Output, exactly as written, the lines below starting at the line containing "龍佰集團(tuán)50萬(wàn)噸攀" and ending at the line containing "3900 Oversize Uzun". Drop the pictures and keep both end lines.

◆ MATERIALS PROVIDED
━━━━━━━━━━━━━━━━

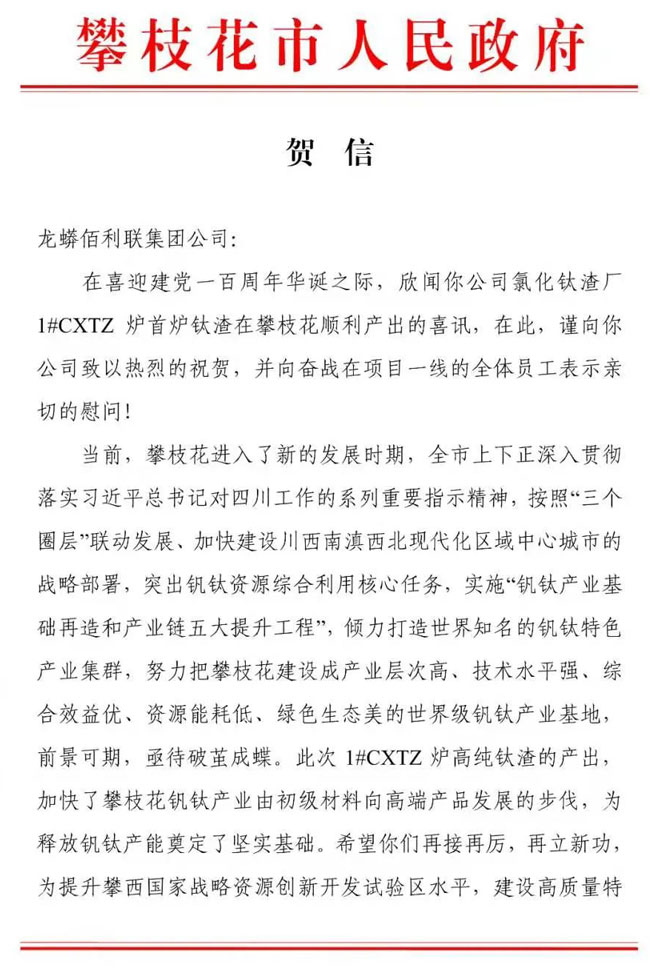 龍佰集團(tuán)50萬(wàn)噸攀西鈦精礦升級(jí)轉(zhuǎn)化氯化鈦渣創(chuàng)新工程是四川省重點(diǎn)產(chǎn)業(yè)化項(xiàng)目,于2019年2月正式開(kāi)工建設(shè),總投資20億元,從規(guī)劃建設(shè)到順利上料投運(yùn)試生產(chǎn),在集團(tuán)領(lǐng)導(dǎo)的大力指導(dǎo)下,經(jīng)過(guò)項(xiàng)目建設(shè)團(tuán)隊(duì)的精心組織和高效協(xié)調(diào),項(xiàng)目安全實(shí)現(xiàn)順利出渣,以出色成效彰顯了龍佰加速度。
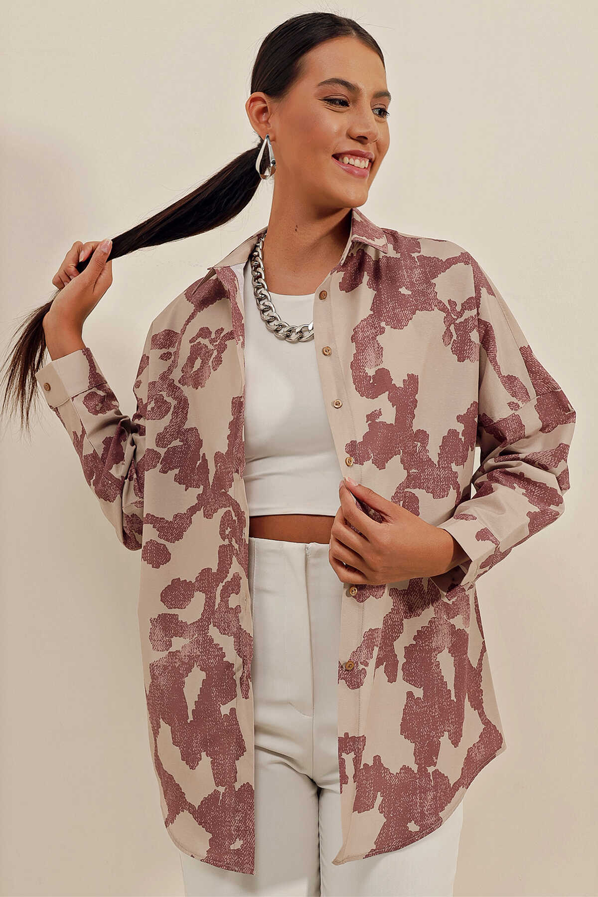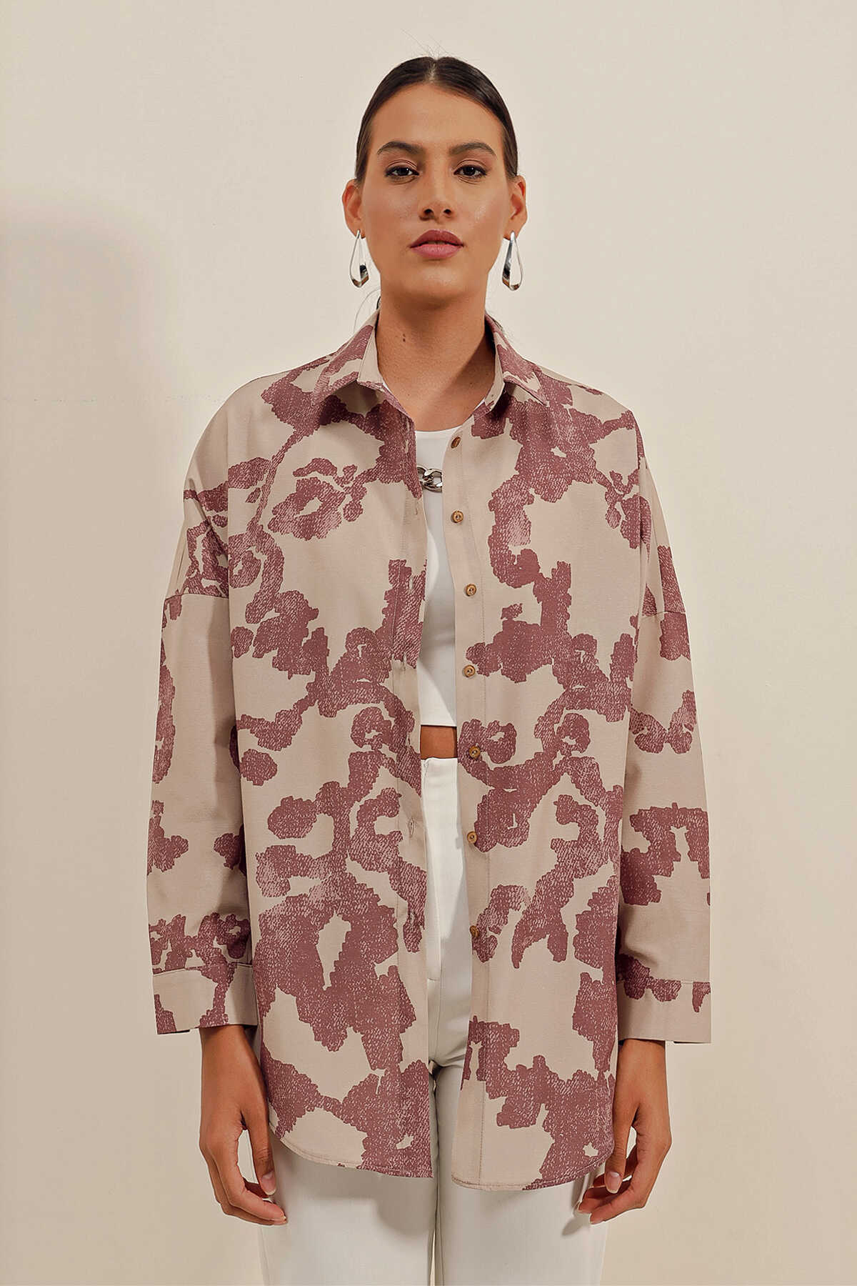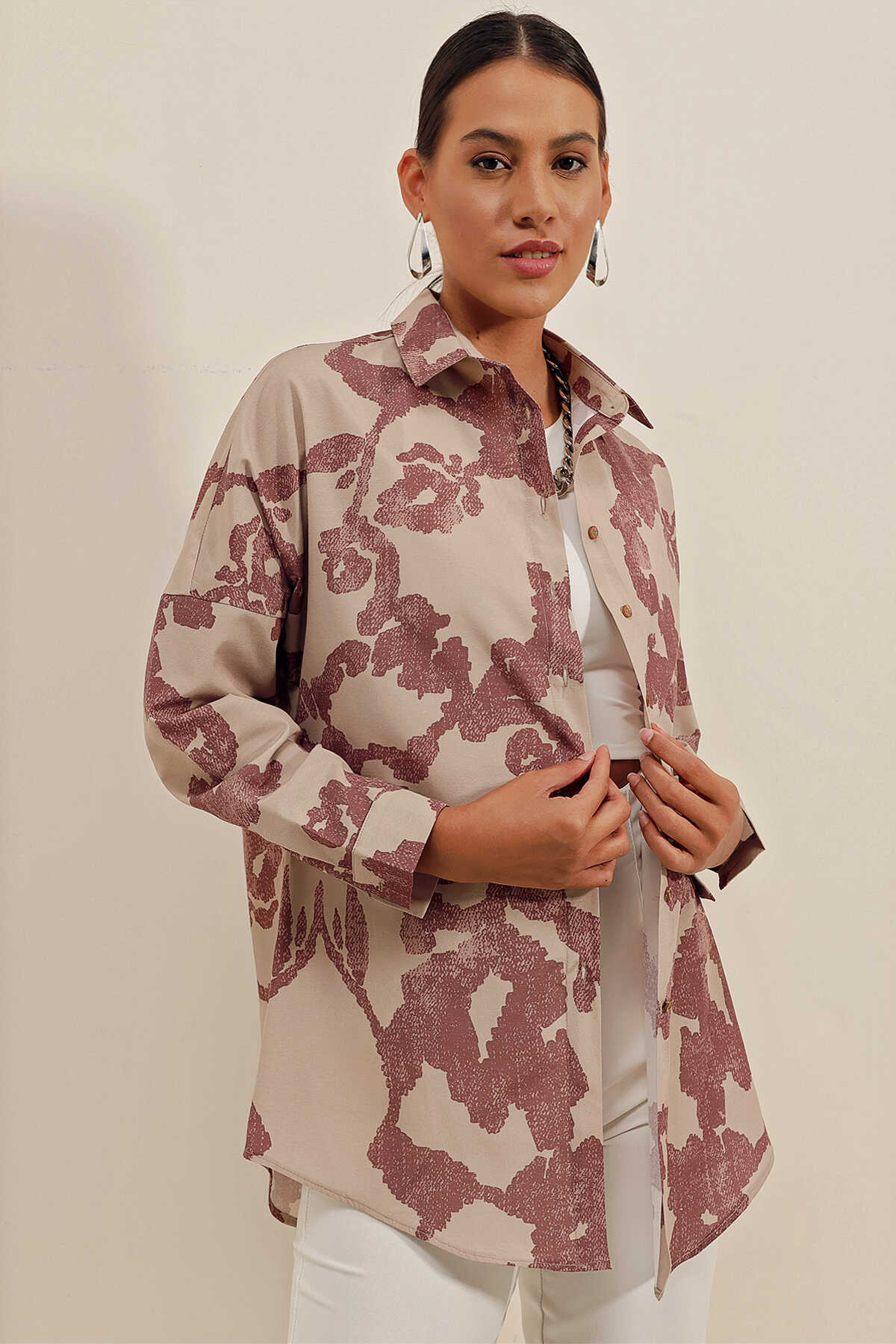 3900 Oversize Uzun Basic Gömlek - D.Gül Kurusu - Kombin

━━━━━━━━━━━━━━━━

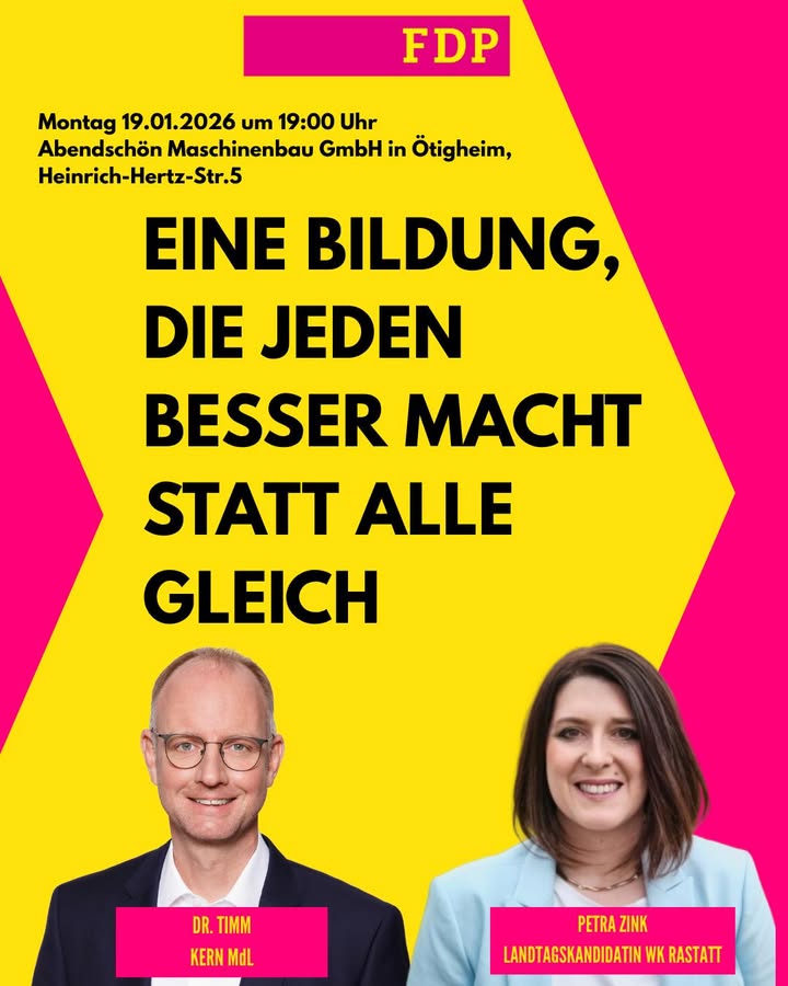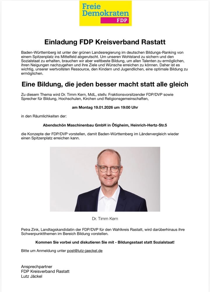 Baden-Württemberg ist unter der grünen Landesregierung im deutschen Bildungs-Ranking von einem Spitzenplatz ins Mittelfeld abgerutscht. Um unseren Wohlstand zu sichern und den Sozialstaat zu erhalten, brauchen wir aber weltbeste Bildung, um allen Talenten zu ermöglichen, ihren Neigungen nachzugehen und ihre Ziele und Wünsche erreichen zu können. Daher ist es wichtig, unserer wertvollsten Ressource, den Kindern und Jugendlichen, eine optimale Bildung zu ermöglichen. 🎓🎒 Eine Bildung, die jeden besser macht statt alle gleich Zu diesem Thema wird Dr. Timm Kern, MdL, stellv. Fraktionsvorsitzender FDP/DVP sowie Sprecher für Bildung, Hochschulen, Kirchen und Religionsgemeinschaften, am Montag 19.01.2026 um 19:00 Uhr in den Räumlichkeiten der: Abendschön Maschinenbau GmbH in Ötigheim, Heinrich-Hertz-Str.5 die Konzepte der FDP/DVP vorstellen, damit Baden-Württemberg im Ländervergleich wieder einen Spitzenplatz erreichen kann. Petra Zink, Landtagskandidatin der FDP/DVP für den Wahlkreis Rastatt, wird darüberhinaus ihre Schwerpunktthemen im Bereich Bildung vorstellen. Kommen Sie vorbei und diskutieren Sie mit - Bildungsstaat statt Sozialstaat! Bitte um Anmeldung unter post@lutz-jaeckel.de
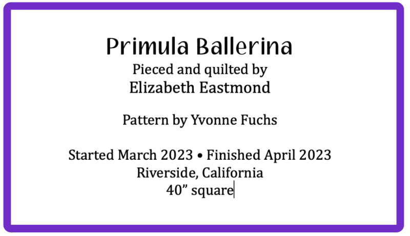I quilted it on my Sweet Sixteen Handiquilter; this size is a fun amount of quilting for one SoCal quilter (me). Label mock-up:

━━━━━━━━━━━━━━━━

◆ WORKED SOLUTION
 龍佰集團(tuán)50萬(wàn)噸攀西鈦精礦升級(jí)轉(zhuǎn)化氯化鈦渣創(chuàng)新工程是四川省重點(diǎn)產(chǎn)業(yè)化項(xiàng)目,于2019年2月正式開(kāi)工建設(shè),總投資20億元,從規(guī)劃建設(shè)到順利上料投運(yùn)試生產(chǎn),在集團(tuán)領(lǐng)導(dǎo)的大力指導(dǎo)下,經(jīng)過(guò)項(xiàng)目建設(shè)團(tuán)隊(duì)的精心組織和高效協(xié)調(diào),項(xiàng)目安全實(shí)現(xiàn)順利出渣,以出色成效彰顯了龍佰加速度。
 3900 Oversize Uzun Basic Gömlek - D.Gül Kurusu - Kombin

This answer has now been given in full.